Kuzey Afrika’daki eski sömürgeci ülkelerden biri olan Fransa’nın Libya’da Hafter güçlerini desteklediği biliniyor. Libya, Fansa için ucuz ve kolay ulaşılabilir bir enerji ülkesi olmanın ötesinde Akdeniz üzerinden Afrika’ya açılan önemli bir kapı olarak da önem taşıyor. Fransa, Sahel olarak adlandırılan ve Sahra kuşağının güneyinde kalan Moritanya, Mali, Nijer, Çad ve Sudan hattında etkisini sürdüren bir emperyalist güç olmaya devam ediyor. Bu nedenle Libya ve burada Hafter’le sürdürdüğü iş birliği Fransa için bu bölgede kendi çıkarları için bir tehdit olarak gördüğü radikal İslamcı gruplarla mücadele bakımından da önem taşıyor -ki, Fransa zaten 2016’dan bu yana bu gruplara karşı Hafter güçleriyle iş birliği ve ortak operasyonlar yapıyor.

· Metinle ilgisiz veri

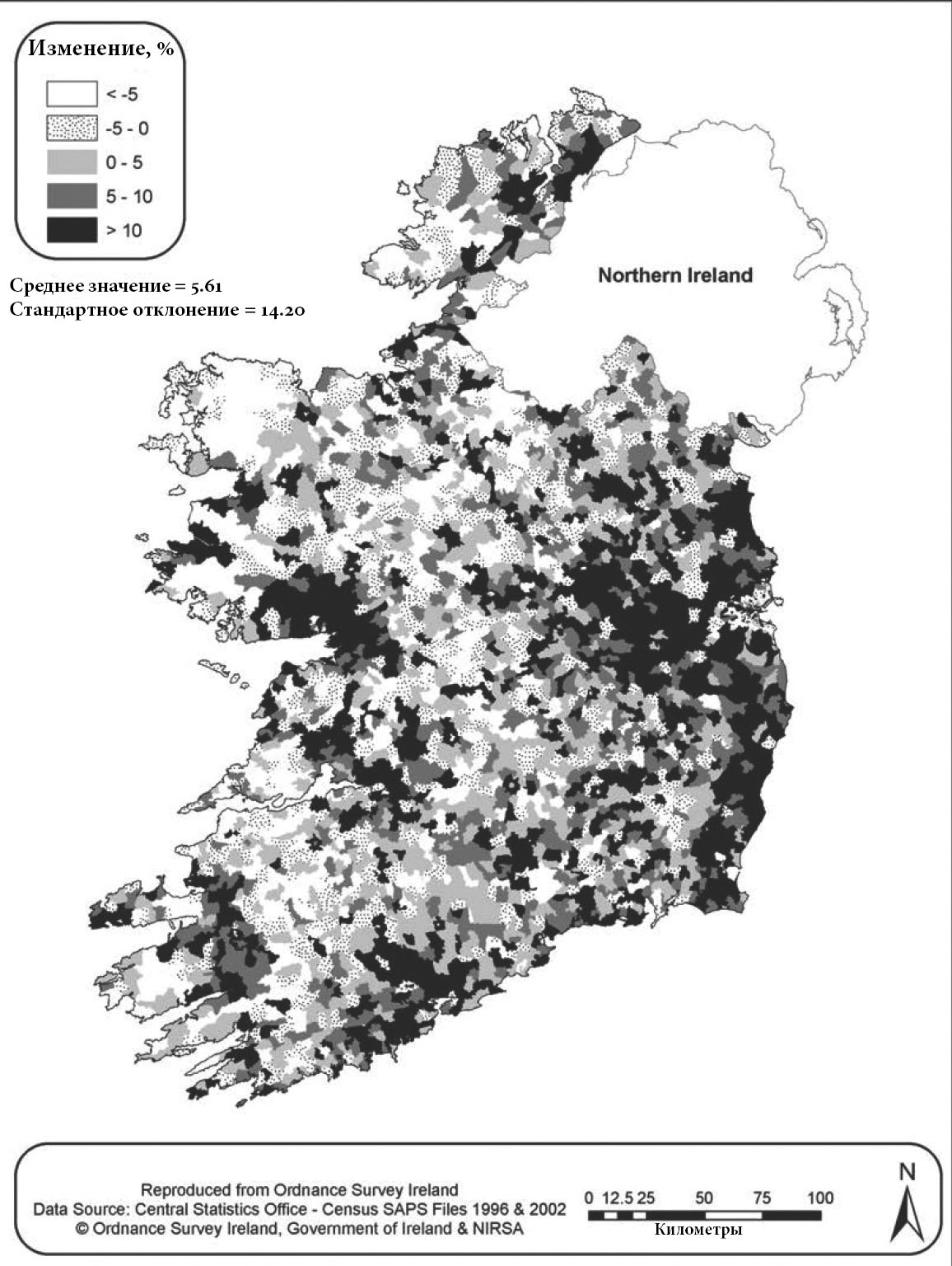 Рис. 1. Является ли это изображение картой? Изменение численности населения в Ирландии, 1996–2002.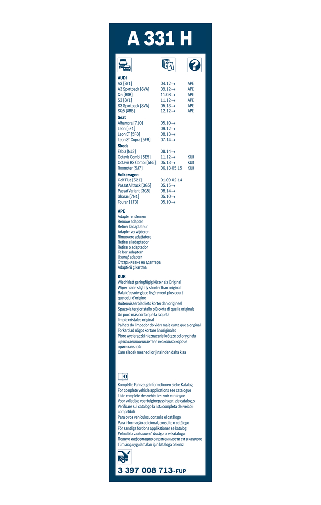 A331H Bosch Wipers Bosch Bod 330 A331H Flat VW Golf Plus/Seat Alhamb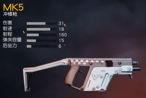 子弹型号 : 冲锋枪子弹 伤害 :31 射速 :18 射程 :160 弹夹容量 :15 后坐力 :6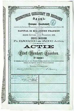 1873 beteiligte sich Zschokke an der Gründung der Internationalen Gesellschaft für Bergbahnen. Deren Zweck war es, Konzessionen zur Erstellung von Bergbahnen zu erwerben, sowie die Ausbeutung der von Niklaus Riggenbach und Olivier Zschokke erworbenen Patente. Durch Überschuldung wurde die Gesellschaft bereits 1875 illiquide. Nach mehreren Rettungsversuchen ging sie am 19. Mai 1876 in Liquidation, die erst am 15. September 1902 mit dem vollständigen Verlust des Aktienkapitals abgeschlossen war.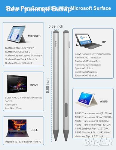 Нов Стилус Surface Pro с USB-C Бързо Зареждане и LED Индикатор Писалка таблет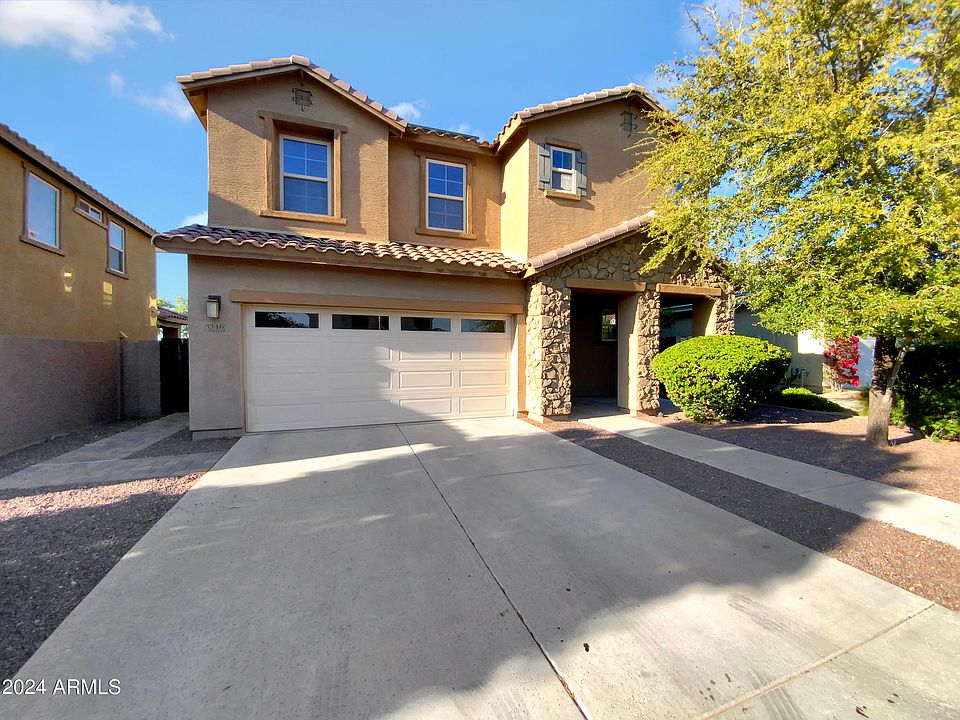 Charming two-story home in Lehi Crossing with stunning Mountain Views from the backyard. Features include new neutral carpeting, upstairs laundry, four bedrooms, 2.5 bathrooms, and a 2-car garage. Enjoy the tranquility of this gated community with easy access to the 202 freeway. The backyard boasts orange trees and low maintenance turf, along with PAID SOLAR panels. Ample storage under stairs and freshly painted interior complete this inviting home!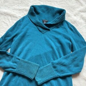 This is a cozy long-sleeve teal sweater featuring a unique waffle-knit cowl neck and matching wide ribbed cuffs for added texture and warmth. The tunic-length design provides extra coverage, making it great for pairing with leggings or skinny jeans. The soft fabric offers comfort for cooler weather, and subtle ruching detail on the side hem adds a flattering touch to the relaxed silhouette. Perfect for casual days or laid-back evenings with a stylish, comfortable vibe.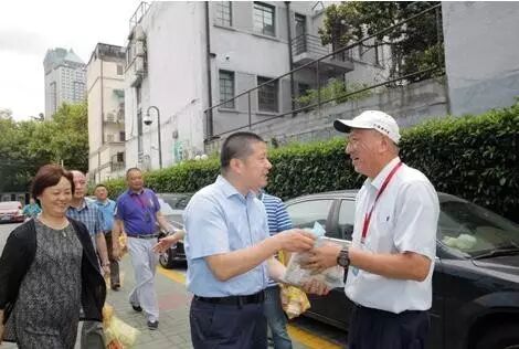 8月2日下午,集团副社长王伟等到新民晚报老大楼广场上,每到一处,都看往汗水湿透衣服的在高温下坚守岗位的安保和车管一线职工,与他们一一握手,感谢他们为方便职工群众正常出行所作出的贡献,并为他们送上了问候和防暑降温物品,并嘱咐他们要劳逸结合和保重身体。

Fransa, aynı zamanda enerji tekeli Total üzerinden Güney Kıbrıs yönetimiyle yaptığı anlaşmalara bağlı olarak da Doğu Akdeniz’deki enerji arama, çıkarma ve geçiş yollarının denetimi mücadelesinde öne çıkıyor. Bu temelde Libya ve Doğu Akdeniz’de çıkar çatışması yaşadığı Türkiye’deki iktidar ile de ciddi bir gerilim içinde bulunuyor.

Macron’un geçen sene söylediği “Avrupa, Ortadoğu’da ‘küçük hissedar’ olmaya devam edemez” sözleri, aslında son dönemdeki bu girişimlerin arka planındaki gerçeği de bütün açıklığı ile ortaya koyuyor.

Bölgede önemli oranda devam eden egemenliğini kaybetmek istemeyen ABD’nin girişim ve planlarını İran’ı kuşatmak ve Rusya’nın ilerleyişini durdurmak biçiminde özetlemek mümkün.

Bu plan, Suriye’de Kürtlerle olan iş birliği üzerinden burada kendisini zayıflatacak bir çözümü engellemeye yönelik girişimler üzerinden işliyor.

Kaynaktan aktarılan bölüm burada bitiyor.